• **Exercise materials**
_ _ _ _ _

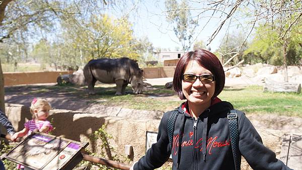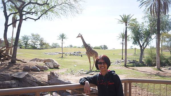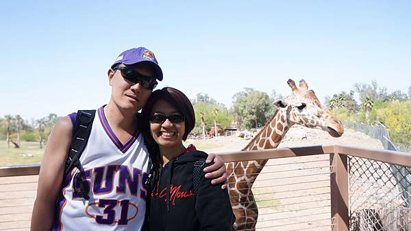 今天我們的第一個行程是鳳凰城動物園,不要笑,這是我研究了很久才決定的行程耶!因為要在鳳凰城看兩場比賽,但兩場比賽的時間都是晚上的關係,表示我們至少要在鳳凰城安排一個白天的行程,但是問題就來了,鳳凰城要去哪玩?這問題超困難的,我拿去問曾經住過鳳凰城的朋友,他也說你問倒我了;後來在翻旅遊書時老婆剛好看到動物園的照片,長頸鹿離遊客好近喔!我老婆最愛的動物大概就是長頸鹿了,這個距離對她來說簡直是致命的吸引力,於是鳳凰城動物園就是我們今天鳳凰城一日遊的首選了。不過每個人聽到我要去動物園,第一個反應都是你幹嘛不去San Diego?啊就不順路啊....
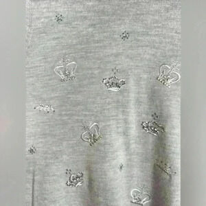 Talbots Crown Jewel Accents Crew Neck 100% Merino Wool Gray Sweater
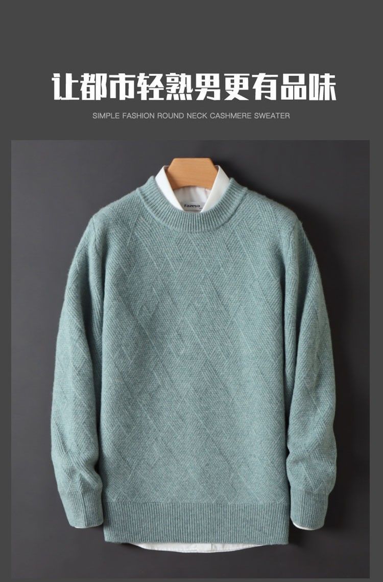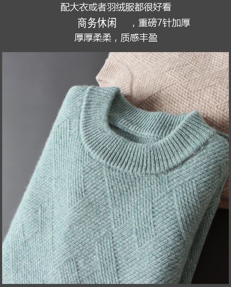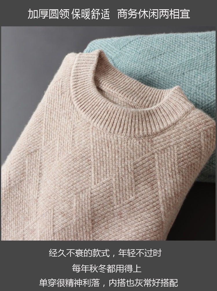 남성 양모 스웨터 느슨한 두꺼운 자카드 크루 넥 스웨터 가을, 겨울 새로운 솔리드 컬러 남성 니트 기본 양모 스웨터스토어 가기
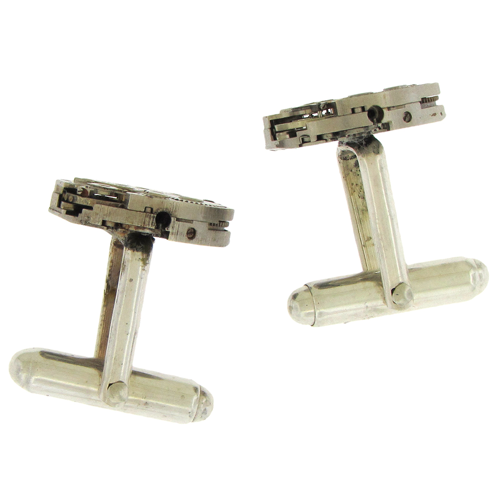 For that watch aficionado, sterling silver cufflinks with actual watch movements — these are 17J Swiss movements — measuring 1/2″ x 5/8″.
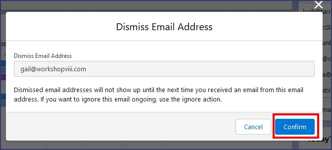 For a listing in which you want to defer a decision, you can use the Dismiss option. Click the caret button and click on the Dismiss option. In the pop-up window, we will display the email address on which you are deferring action. As is stated in the help text, this individual will not show up again in the Email Sync Assistant until you receive another email from this person.
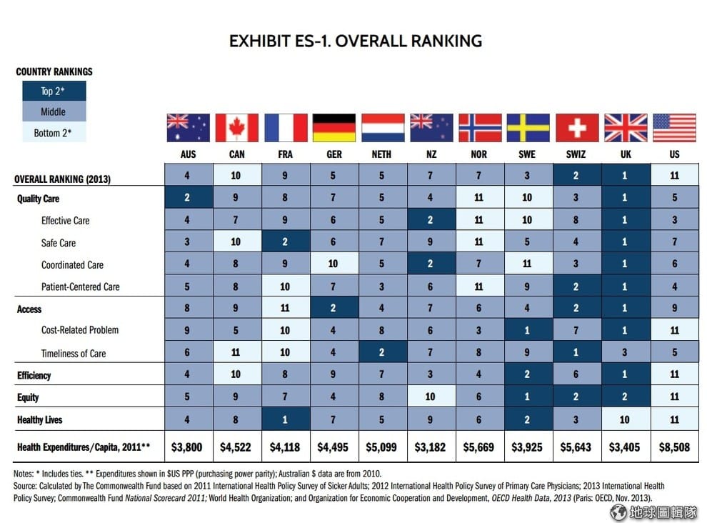 圖為美國commonwealthfund最新調查,當中可以見到英國的醫療照護在十一個國家中排名第一。
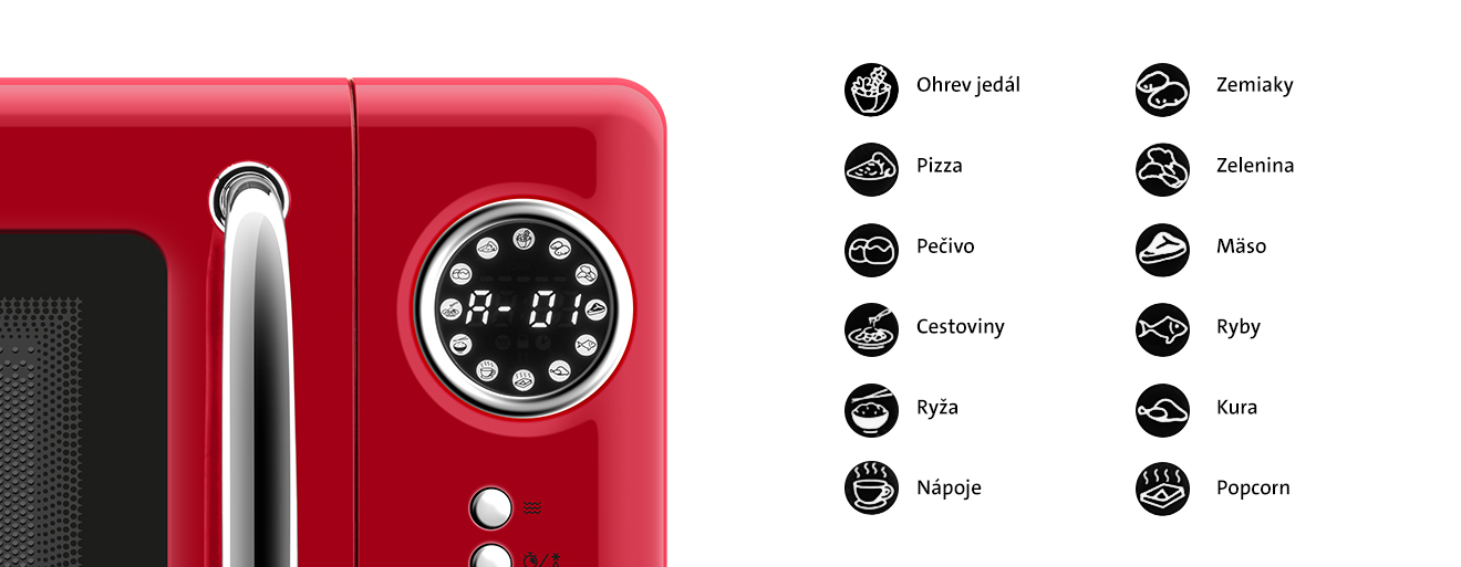 Ovládanie mikrovlnnej rúry ETA Storio je intuitívne a pohodlné vďaka prehľadnému LED displeju a otočnému ovládaniu pre jednoduché nastavenie programu. Displej v čase nečinnosti poslúži ako praktické hodiny, k dispozícii je tiež časovač až na 60 minút a funkcia odloženého štartu. O dokončení programu vás informuje zvukový signál a vďaka osvetlenému vnútornému priestoru máte priebeh prípravy jedla stále pod kontrolou. Otočný tanier s priemerom 24,5 cm zabezpečí rovnomerné zohrievanie pokrmov, takže si každé jedlo vychutnáte presne tak, ako má byť.
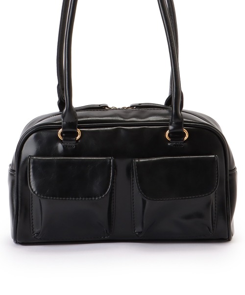 立体ポケットがアクセントになった、ボストンバッグ。
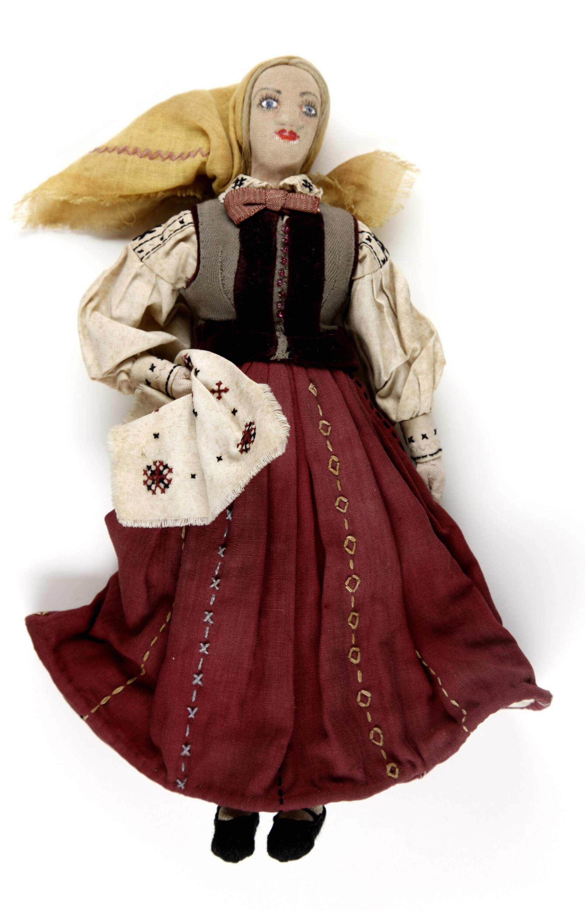 Female doll wearing tradtional folk dress. Doll is wearing cream blouse with black embroidery under a grey waistcoat. She wears a maroon skirt with emboidery over a cream petticoat and undergarments. She is wearing cream socks with coloured thread tied at the knee and black shoes. She carries a handkerchief and wears a yellow headscarf over blonde hair. The doll apears to have been made from plaster head and legs with a stuffed body. The body is made from a stocking-like fabric and facial features have been painted on the face.
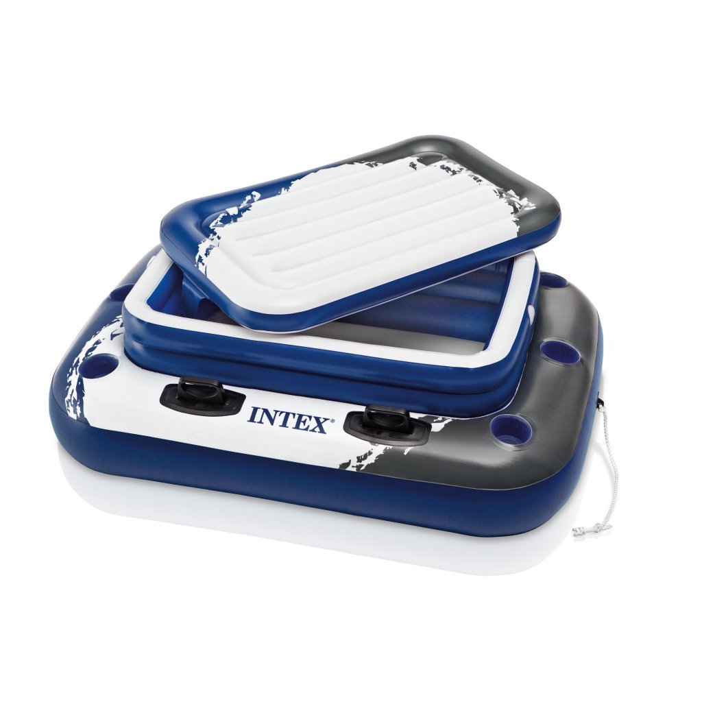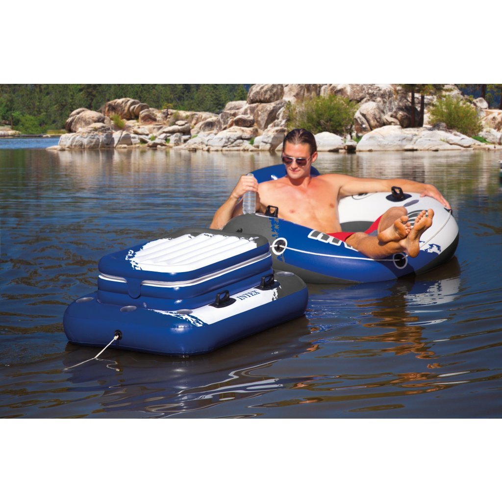 "Dankzij deze drijvende koelbox heb je altijd een verfrissend drankje bij de hand, ook tijdens het dobberen! Laat die cocktails maar komen! In deze handige koeler kan je wel 72 drankblikjes & ijs kwijt. Aan de rand van de koelbox zitten 6 bekerhouders. Het is dus ook een handige drankhouder! De koelbox kan eenvoudig aan de andere River Run artikelen vast gekoppeld worden dankzij de connector. Zo hoef je niet uit het water te komen om een verfrissing te halen. Ideaal voor een kajakken of suppen. De opblaasbare koelbox is gemaakt van duurzaam materiaal en heeft een stevige constructie. Geniet van koel drinken terwijl je ontspant op het water!" Productspecificaties: - Capaciteit: 72 drinkblikjes & ijs - 6 bekerhouders - Eenvoudig te koppelen aan andere River Run artikelen - Opblaasbaar en gemaakt van duurzaam materiaal - Stevige constructie
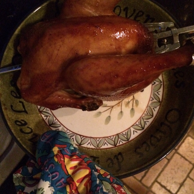 9:放进烤箱上下火烤一小时,途中刷油翻面。
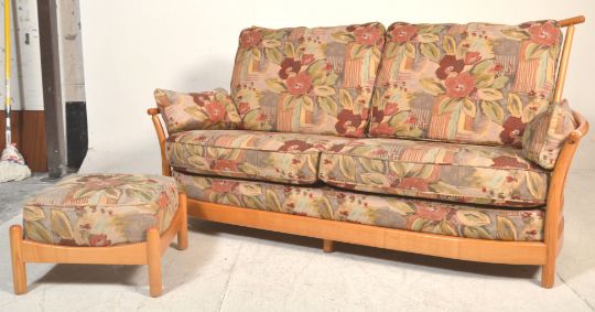 A good Ercol Saville light elm three seater sofa settee having raised spindle back with shaped arms and fabric floral upholstered cushions. Together with matching footstool. Measures 98cm tall by 192cm wide and 92cm deep.
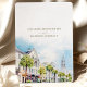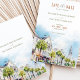 Announce your wedding with this elegant "Save the Date" card, featuring a watercolor depiction of Charleston, South Carolina. The design captures the city's historic charm, showcasing classic Southern architecture, palm trees, and a pastel blue sky. The warm beige and soft gray tones of the buildings blend beautifully with touches of green from the foliage, evoking a sense of Southern grace and hospitality. The card's typography, combining modern fonts with delicate script, adds sophistication to the overall look, making it perfect for a destination wedding in the heart of Charleston's historic district.
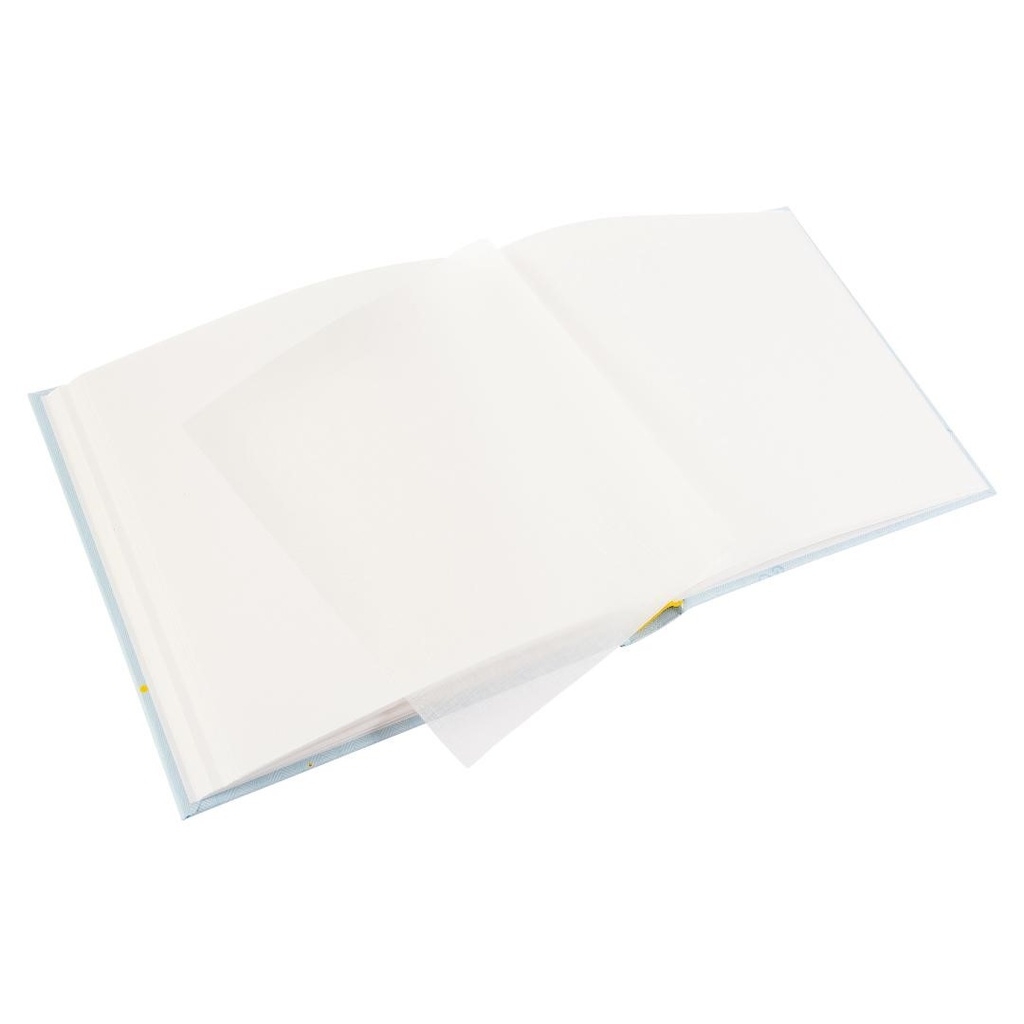 Klasické dětské album o rozměru 30 x 31, počet stran 60, bílé listy proložené pergamenem, šitá vazba, fotografie lze vkládat pomocí fotorůžků, podlepek, popř. fotolepidla. Kolekce Turnovsky. Desky s perforovaným zlatým tiskem.

_ _ _ _ _

Everything above from the line containing "Talbots Crown Jewel" through the line containing "For that watch" must be repeated exactly, and the pictures must be left out.

 Talbots Crown Jewel Accents Crew Neck 100% Merino Wool Gray Sweater
 남성 양모 스웨터 느슨한 두꺼운 자카드 크루 넥 스웨터 가을, 겨울 새로운 솔리드 컬러 남성 니트 기본 양모 스웨터스토어 가기
 For that watch aficionado, sterling silver cufflinks with actual watch movements — these are 17J Swiss movements — measuring 1/2″ x 5/8″.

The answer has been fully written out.